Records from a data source
──────

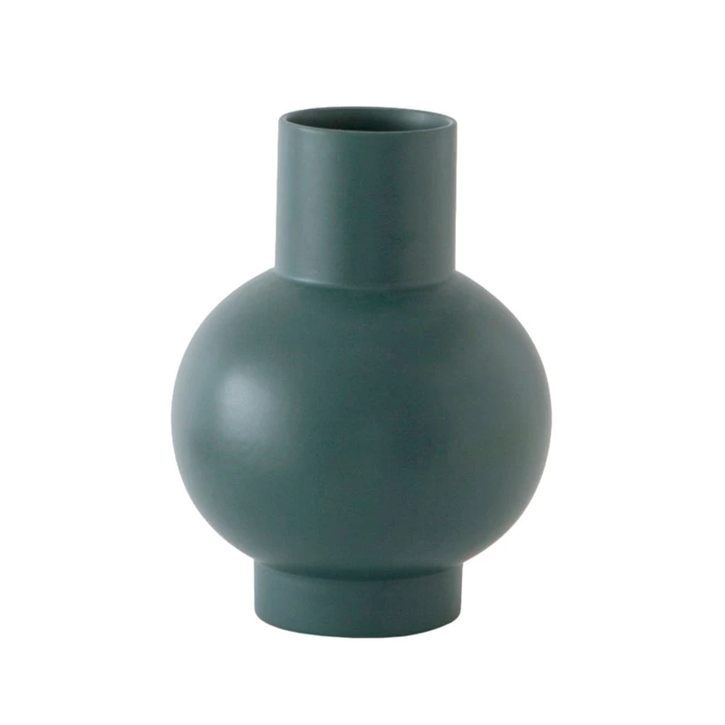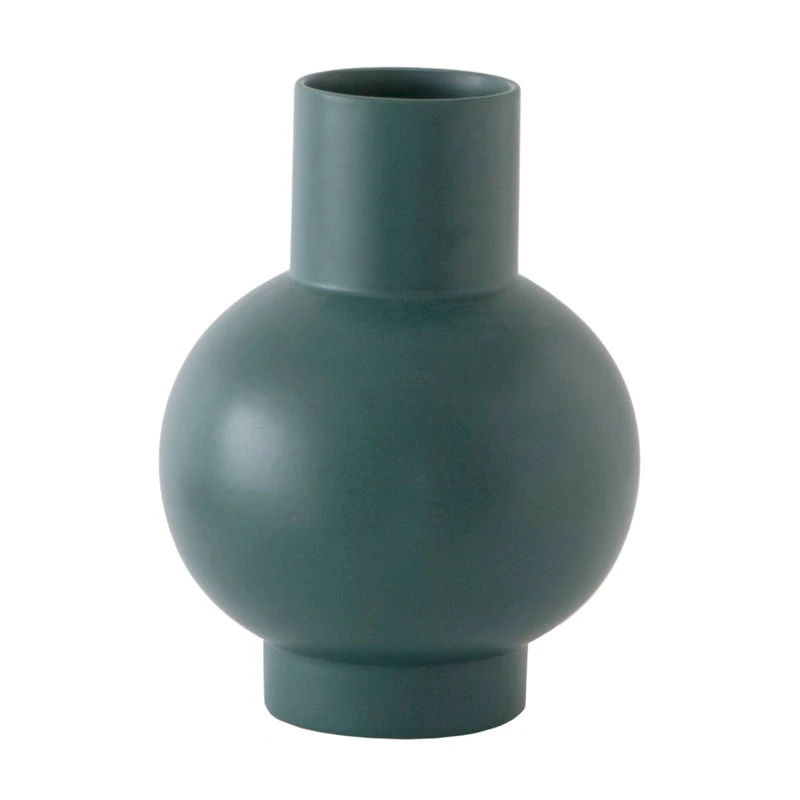 Le vase Strøm de Raawii est de forme simple et sculpturale, idéal pour diverses compositions florales, créant un contraste amusant avec le caractère délicat des fleurs. Le vase minimaliste, avec sa base ronde allégée par un col cylindrique, est tout à fait ravissant, même sans fleurs.
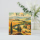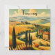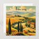 poster de viagens vintage do campo na Toscana Itália com árvores ciprestes, colinas de ouro rolante e casas remotas
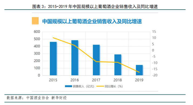 2019年,全國規(guī)模以上葡萄酒企業(yè)數(shù)量155家,銷售收入145.09億元,同比減少17.51%;實(shí)現(xiàn)利潤總額10.58億元,同比降低16.74%。2020年第一季度,銷售收入18.95億元,下降44.02%;利潤0.01億元,下降99.24%。全國葡萄酒行業(yè)規(guī)模以上企業(yè)經(jīng)濟(jì)效益在2019年本就低迷的情況下,受新冠肺炎疫情影響,在2020年第一季度顯得更加慘淡。
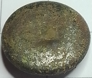Kwartbolle verzilverde holle knoop met ontluchtingsgat. Op de achterkant een gesoldeerd oog
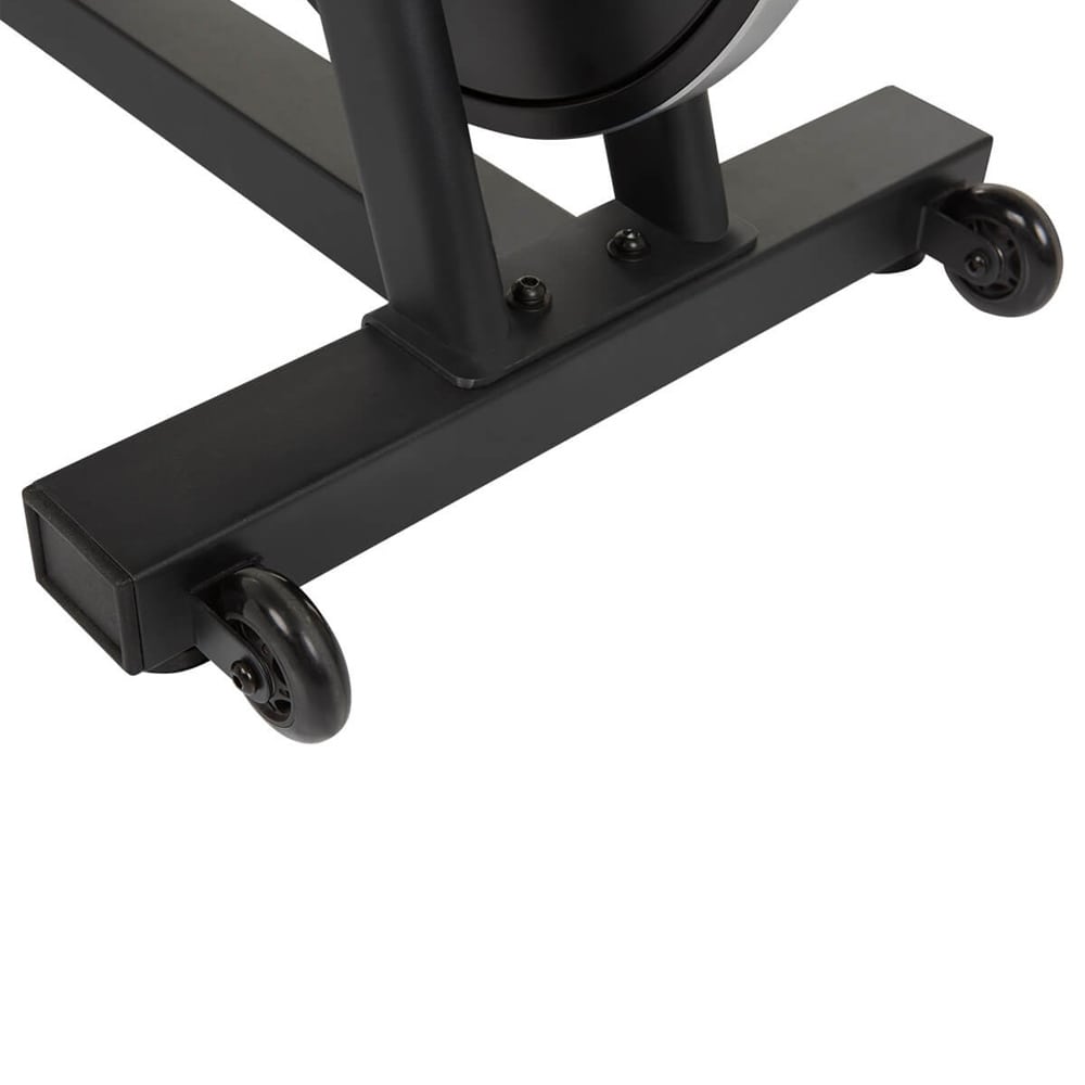 The 4-point support system has height adjustment caps attached to the feet. These offer you the perfect ground balance and a stable stand. The high-quality and sporty construction of the RACER S guarantees you a safe feeling even during your high-speed sessions and powerful pedal strokes while standing. Mobility is no problem for the RACER S despite its stable construction, because equipped with two premium transport wheels at the front leg, your Indoor Cycle RACER S can easily be moved to the desired place.
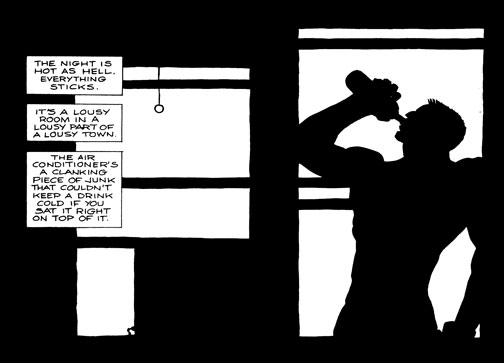 It doesn’t get more classically noir than that. Most noir mysteries are sweltering hot; sometimes they are bitter cold, but mostly roasting. Reading this issue last, I can tell that it was Frank Miller’s first (he is still finding his style for this series) and I can understand why it made such a splash in the comic book world. Everything is just so in-your-face: the violence, the machismo, the sex – I think it was probably unlike anything else people were reading at the time.
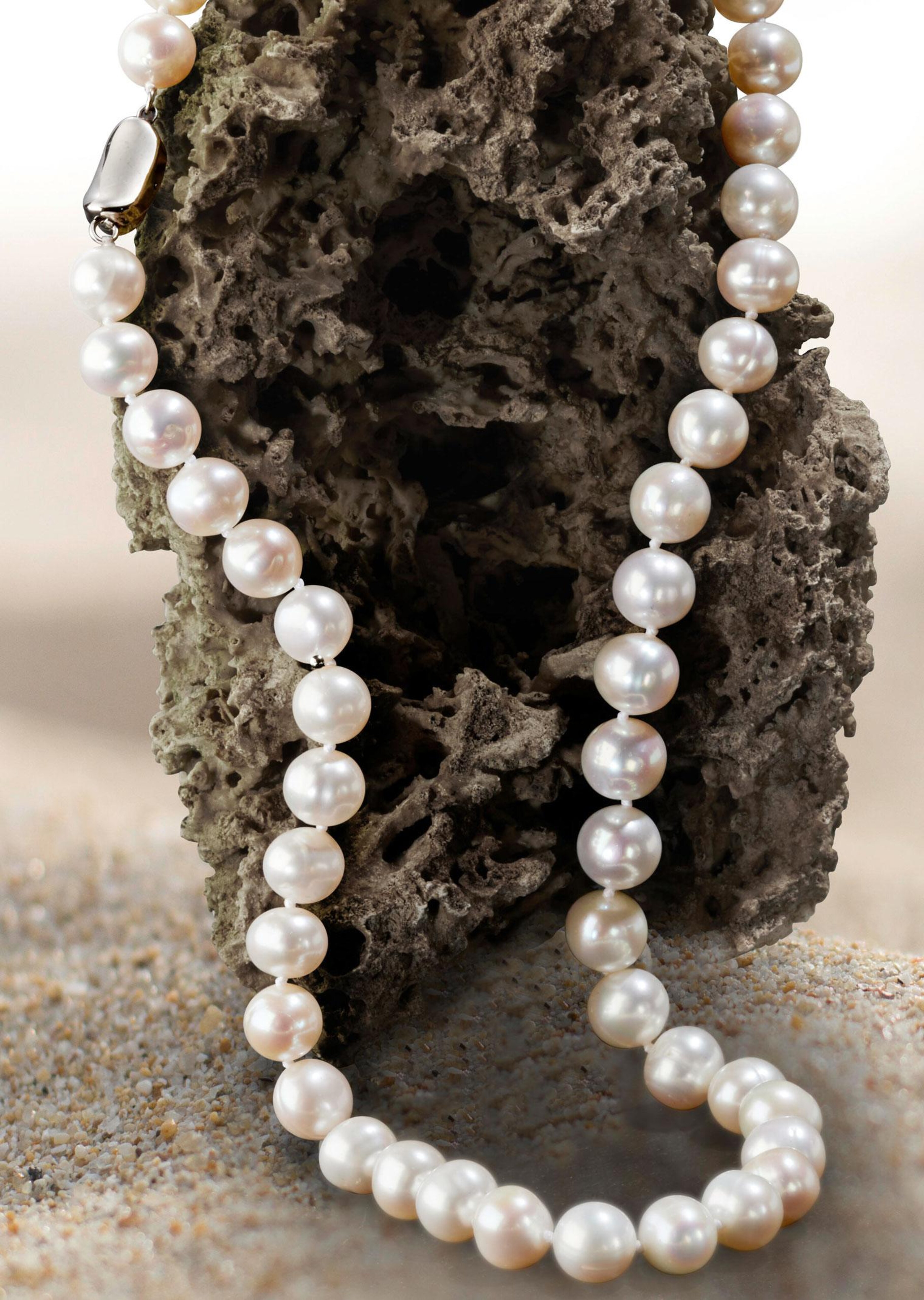 Süsswasserperlenkette: Eine aparte Kette mit echten Süsswasserperlen, die mit einem herrlichen Schimmer bezaubern. Eleganter Verschluss aus 925er Sterling-Silber. Lieferung in wunderschöner, schwarzer Samt-Schatulle. Länge ca. 48 cm ohne Verlängerung.
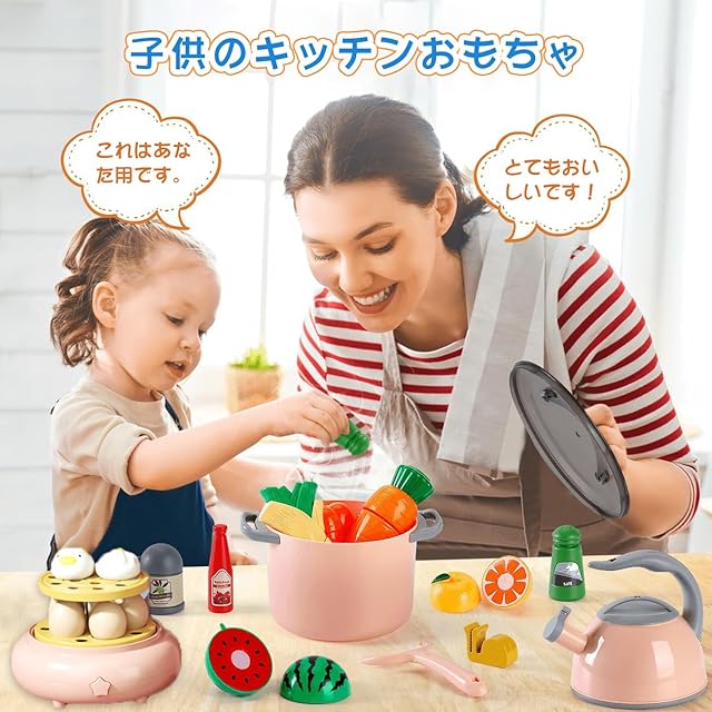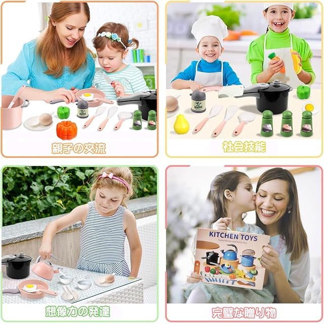 【知育玩具】このキッチンセットは、果物と野菜の種類が多いのですが、子供は遊びながら食材の名前もすぐに覚えられます。また、ごっこ遊びを通じて子供の右脳開発、手眼調和、認識能力、創造力などを向上させるだけでなく、集中力などを高めて、お子様の手先が器用になる能力を鍛えさせます。
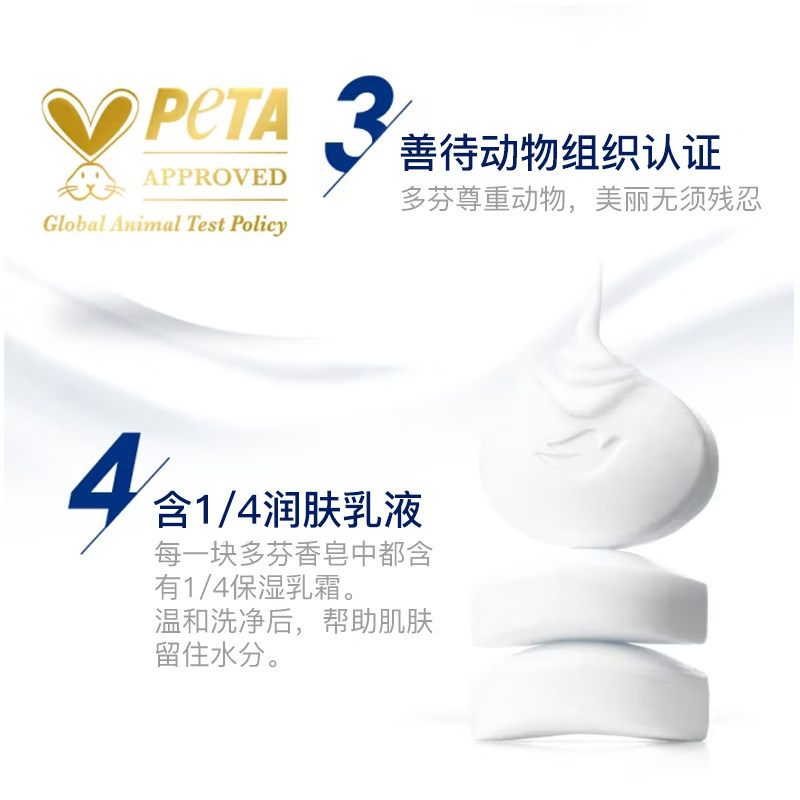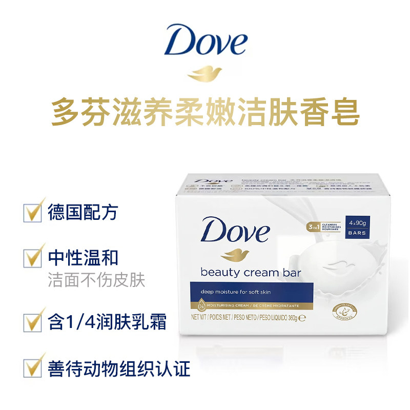 淘进口多芬乳霜香皂90g4块中性滋润洗脸洁面香皂清洁肌肤牛奶香樱花
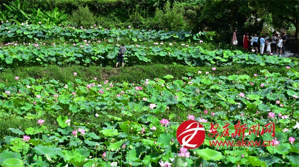 连日来,平利县广佛镇余家湾百亩荷塘花开争艳,引得游人或驻足细品荷韵,或轻倚栈道拍摄留影。王韬 摄

──────

§ **Task goal**
Would you give the data above again word for word, minus the pictures?

§ **Your response**
 Le vase Strøm de Raawii est de forme simple et sculpturale, idéal pour diverses compositions florales, créant un contraste amusant avec le caractère délicat des fleurs. Le vase minimaliste, avec sa base ronde allégée par un col cylindrique, est tout à fait ravissant, même sans fleurs.
 poster de viagens vintage do campo na Toscana Itália com árvores ciprestes, colinas de ouro rolante e casas remotas
 2019年,全國規(guī)模以上葡萄酒企業(yè)數(shù)量155家,銷售收入145.09億元,同比減少17.51%;實(shí)現(xiàn)利潤總額10.58億元,同比降低16.74%。2020年第一季度,銷售收入18.95億元,下降44.02%;利潤0.01億元,下降99.24%。全國葡萄酒行業(yè)規(guī)模以上企業(yè)經(jīng)濟(jì)效益在2019年本就低迷的情況下,受新冠肺炎疫情影響,在2020年第一季度顯得更加慘淡。
Kwartbolle verzilverde holle knoop met ontluchtingsgat. Op de achterkant een gesoldeerd oog
 The 4-point support system has height adjustment caps attached to the feet. These offer you the perfect ground balance and a stable stand. The high-quality and sporty construction of the RACER S guarantees you a safe feeling even during your high-speed sessions and powerful pedal strokes while standing. Mobility is no problem for the RACER S despite its stable construction, because equipped with two premium transport wheels at the front leg, your Indoor Cycle RACER S can easily be moved to the desired place.
 It doesn’t get more classically noir than that. Most noir mysteries are sweltering hot; sometimes they are bitter cold, but mostly roasting. Reading this issue last, I can tell that it was Frank Miller’s first (he is still finding his style for this series) and I can understand why it made such a splash in the comic book world. Everything is just so in-your-face: the violence, the machismo, the sex – I think it was probably unlike anything else people were reading at the time.
 Süsswasserperlenkette: Eine aparte Kette mit echten Süsswasserperlen, die mit einem herrlichen Schimmer bezaubern. Eleganter Verschluss aus 925er Sterling-Silber. Lieferung in wunderschöner, schwarzer Samt-Schatulle. Länge ca. 48 cm ohne Verlängerung.
 【知育玩具】このキッチンセットは、果物と野菜の種類が多いのですが、子供は遊びながら食材の名前もすぐに覚えられます。また、ごっこ遊びを通じて子供の右脳開発、手眼調和、認識能力、創造力などを向上させるだけでなく、集中力などを高めて、お子様の手先が器用になる能力を鍛えさせます。
 淘进口多芬乳霜香皂90g4块中性滋润洗脸洁面香皂清洁肌肤牛奶香樱花
 连日来,平利县广佛镇余家湾百亩荷塘花开争艳,引得游人或驻足细品荷韵,或轻倚栈道拍摄留影。王韬 摄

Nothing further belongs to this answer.